What this task involves:
Every line from the one holding "S radostí a" through the one holding "Brigitte Adolph Jewellery" in the data below must be returned exactly, both ends included, with pictures left out and nothing else added.

Input:
########################################

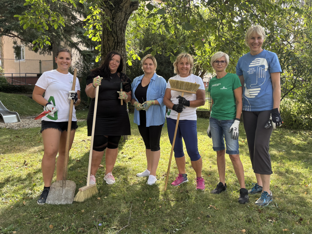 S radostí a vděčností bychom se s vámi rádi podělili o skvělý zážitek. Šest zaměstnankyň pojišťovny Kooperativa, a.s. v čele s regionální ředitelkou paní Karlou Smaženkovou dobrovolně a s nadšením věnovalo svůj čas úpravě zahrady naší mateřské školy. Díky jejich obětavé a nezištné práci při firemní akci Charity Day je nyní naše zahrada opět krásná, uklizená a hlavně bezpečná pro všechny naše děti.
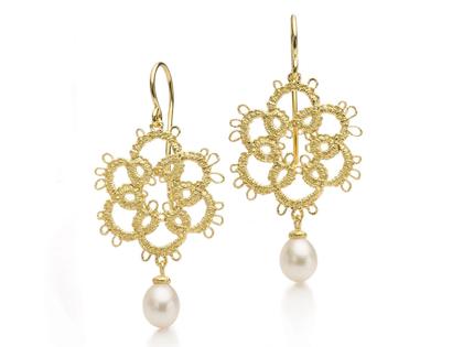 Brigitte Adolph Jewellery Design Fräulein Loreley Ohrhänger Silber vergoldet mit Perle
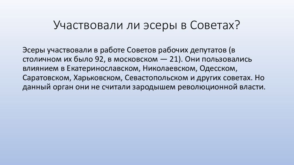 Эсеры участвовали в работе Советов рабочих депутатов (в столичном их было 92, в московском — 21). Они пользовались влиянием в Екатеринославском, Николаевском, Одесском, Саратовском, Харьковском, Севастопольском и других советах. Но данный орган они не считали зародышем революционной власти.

########################################

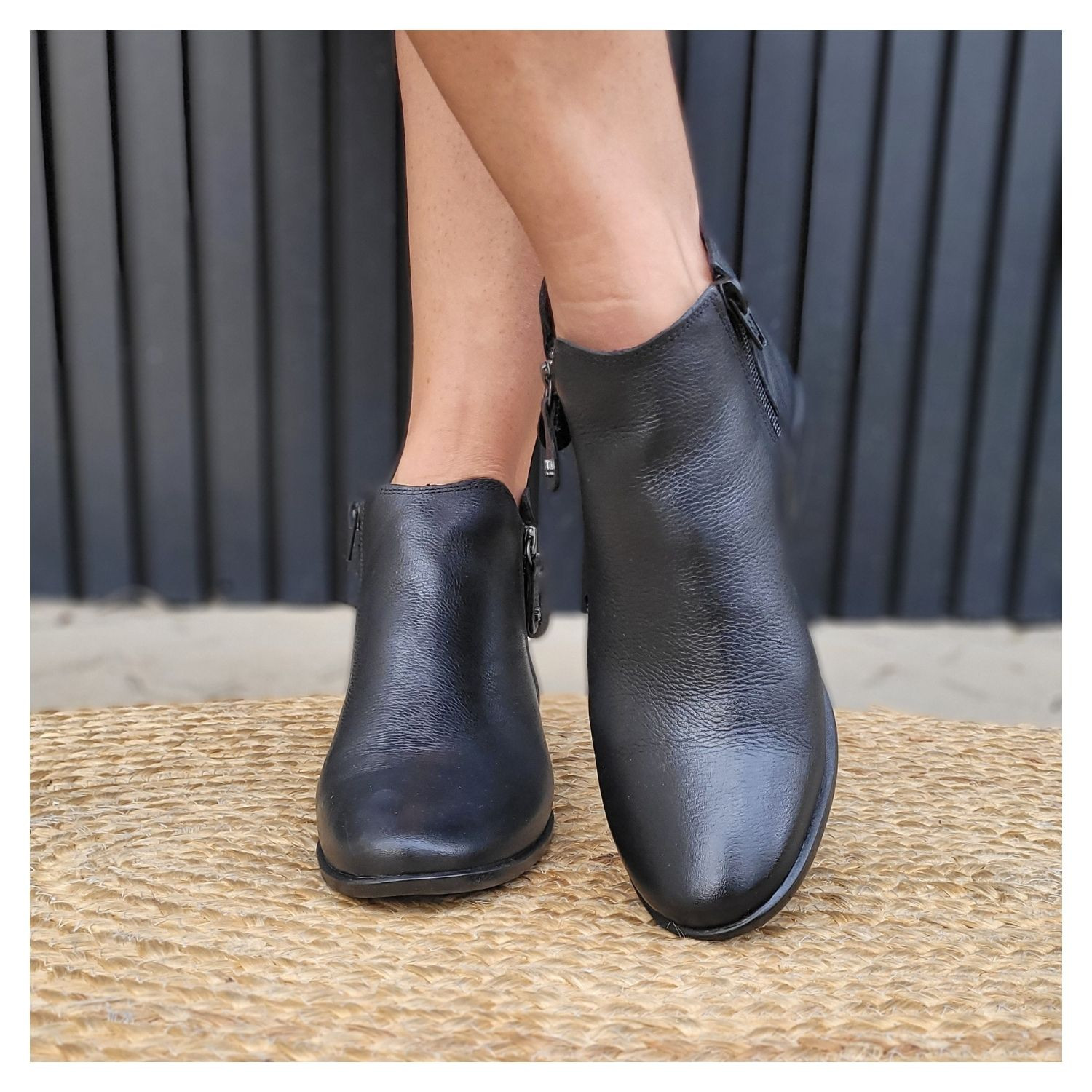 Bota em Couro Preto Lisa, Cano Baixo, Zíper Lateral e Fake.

########################################

Solution for this exercise:
 S radostí a vděčností bychom se s vámi rádi podělili o skvělý zážitek. Šest zaměstnankyň pojišťovny Kooperativa, a.s. v čele s regionální ředitelkou paní Karlou Smaženkovou dobrovolně a s nadšením věnovalo svůj čas úpravě zahrady naší mateřské školy. Díky jejich obětavé a nezištné práci při firemní akci Charity Day je nyní naše zahrada opět krásná, uklizená a hlavně bezpečná pro všechny naše děti.
 Brigitte Adolph Jewellery Design Fräulein Loreley Ohrhänger Silber vergoldet mit Perle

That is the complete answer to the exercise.